Stored items:

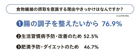 - 食物繊維の摂取を意識する理由やきっかけ1位は「腸の調子を整えたいから」で76.9%。続いて2位が「生活習慣病予防・改善のため」で52.5%、3位が「肥満予防・ダイエットのため」で46.7%。
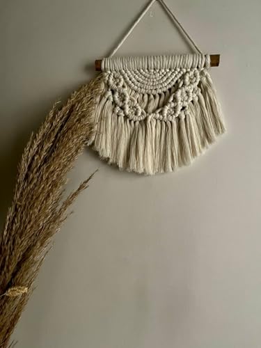 - الأبعاد: تعليقة مكرمية صغيرة بعرض 25 سم، مثالية للمساحات الجدارية الصغيرة والمتوسطة
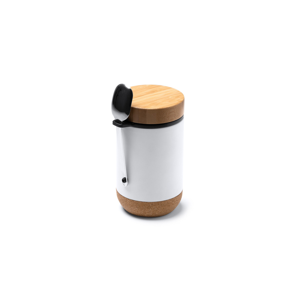 Thermos multifonctions en acier inoxydable 304, idéal pour l'alimentation. Couvercle en bambou et fond en liège. Cuillère incluse. Capacité de 400 ml. Présentation en boîte écodesign.Destinataire :
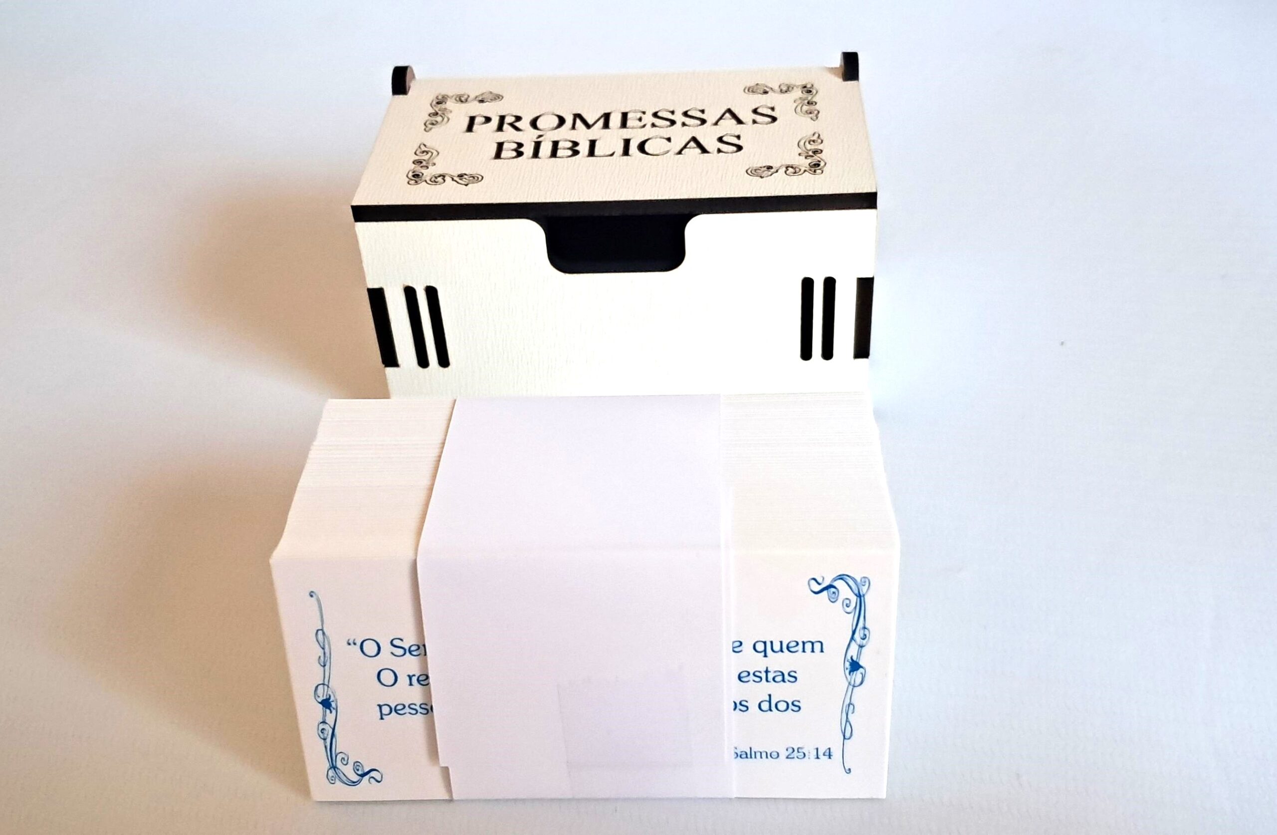 Além de funcional, a Caixa de Promessas Bíblicas transmite propósito. Cada versículo pode ser guardado no coração, compartilhado com amigos ou até mesmo usado em devocionais, estudos bíblicos ou momentos em grupo.
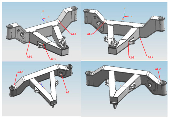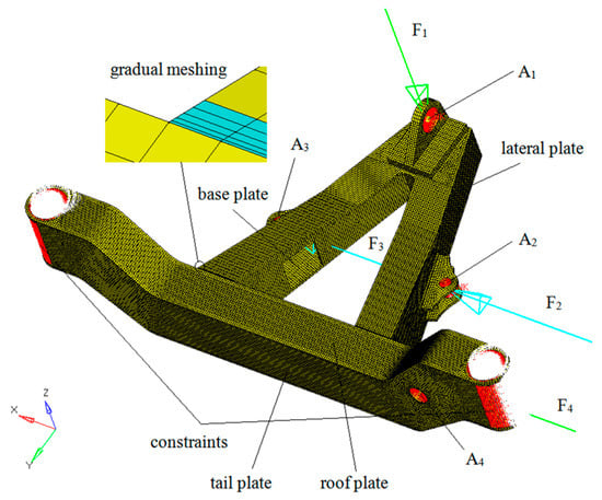 The finite element model of the welded A-type frame was built by software HYPERMESH, as shown in Figure 10. There were 84,948 elements and 134,564 nodes, which included 82,046 C3D8 elements and 2902 C3D6 elements. Gradual meshing simulated the weld metal was simulated. The connection sites in the welded A-type frame were marked in Figure 10 by A1 (front traction joint), A2 (right steering joint), A3 (left steering joint), and A4 (front lateral stabilizer joint), and the corresponding loads at fours joints were , , , and . There were four kinds of plates marked by lateral plate, based plate, roof plate, and tail plate, whose thickness was different from each other. Subsequently, in order to testify the accuracy of this model, the quasi-static analysis for simulating the mechanical behavior under the condition of random horizontal road running with full load was conducted to compare the calculated equivalent stresses with the tested ones. Figure 11 shows the simulated stress contour. The maximum stress located at the corner between the bottom roof plate and right lateral plate was 83.69 MPa, which was caused by the stress concentration at geometric transition position. The measuring points of welded A-type frame are displayed in Figure 12, and the layout of strain gauge at point A1-2 are also shown in Figure 13. Table 4 lists the experimental data for the same condition obtained from the mine road tests. The relative errors between the simulated results and the tested ones were around 10%, except the measuring point A2-1 and A2-2. Ignoring the steering loads at location A2 and A3 under the condition of random horizontal road running with full load in the simulation caused it. However, there were some loads at these two joints in the real truck due to goods partiality and residual pressure in steering power cylinder.
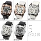 ■重厚感あるスクエアケースの、メンズモデルの腕時計です。
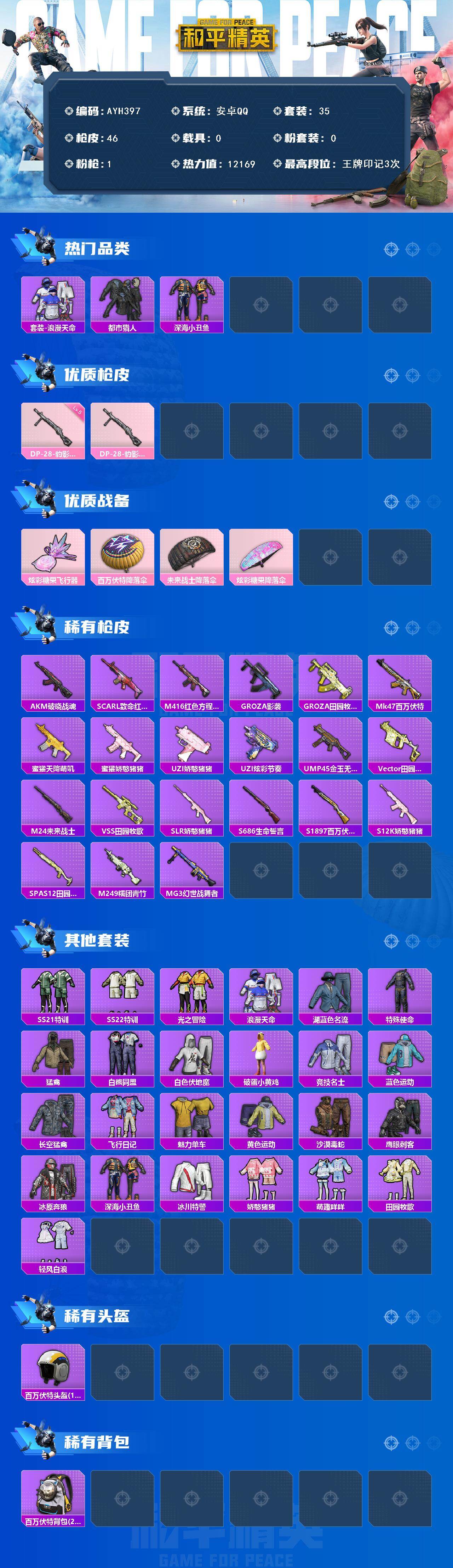 [17410130]安卓 手Q-0粉装-1特效枪-0载具-1粉色飞行器-12169热力值-3王牌印记-35套装-46枪皮 【热门品类】:套装-浪漫天命,套装-都市猎人,套装-深海小丑鱼 【粉色枪皮等级】:DP-28-豹影疾电(五级) 【粉色枪皮】:DP-28-豹影疾电 【粉色飞行器】:炫彩糖果飞行器 【粉色降落伞】:百万伏特降落伞,未来战士降落伞,炫彩糖果降落伞 【稀有套装】:套装-雪国风尚 【稀有枪皮】:AKM-破晓战魂,SCAR-L-致命红樱,M416-红色方程式,GROZA-影袭,GROZA-田园牧歌,Mk47-百万伏特,蜜獾-天降萌叽,蜜獾-娇憨猪猪,UZI-娇憨猪猪,UZI-炫彩节奏,UMP45-金玉无双,Vector-田园牧歌,M24-未来战士,VSS-田园牧歌,SLR-娇憨猪猪,S686-生命誓言,S1897-百万伏特,S12K-娇憨猪猪,SPAS-12-田园牧歌,M249-糯团青竹,MG3-幻世战舞者 【其他套装】:套装-SS21特训,套装-SS22特训,套装-光之冒险,套装-浪漫天命,套装-湖蓝色名流,套装-特殊使命,套装-猛禽,套装-白熊同盟,套装-白色伏地魔,套装-破蛋小黄鸡,套装-竞技名士,套装-蓝色运动,套装-长空猛禽,套装-飞行日记,套装-魅力单车,套装-黄色运动,套装-沙漠毒蛇,套装-鹰眼刺客,套装-冰原奔狼,套装-深海小丑鱼,套装-冰川特警,套装-娇憨猪猪,套装-萌趣咩咩,套装-田园牧歌,套装-轻风白浪 【稀有头盔】:百万伏特头盔(1级) 【稀有背包】:百万伏特背包(2级) 【营地ID】:920633529

* WHAT NEEDS TO BE DONE
Copy only these lines from the records above, exactly: the one with "Thermos multifonctions en", the one with "Além de funcional, a", and those between. Skip the pictures.

* RESPONSE AREA
 Thermos multifonctions en acier inoxydable 304, idéal pour l'alimentation. Couvercle en bambou et fond en liège. Cuillère incluse. Capacité de 400 ml. Présentation en boîte écodesign.Destinataire :
 Além de funcional, a Caixa de Promessas Bíblicas transmite propósito. Cada versículo pode ser guardado no coração, compartilhado com amigos ou até mesmo usado em devocionais, estudos bíblicos ou momentos em grupo.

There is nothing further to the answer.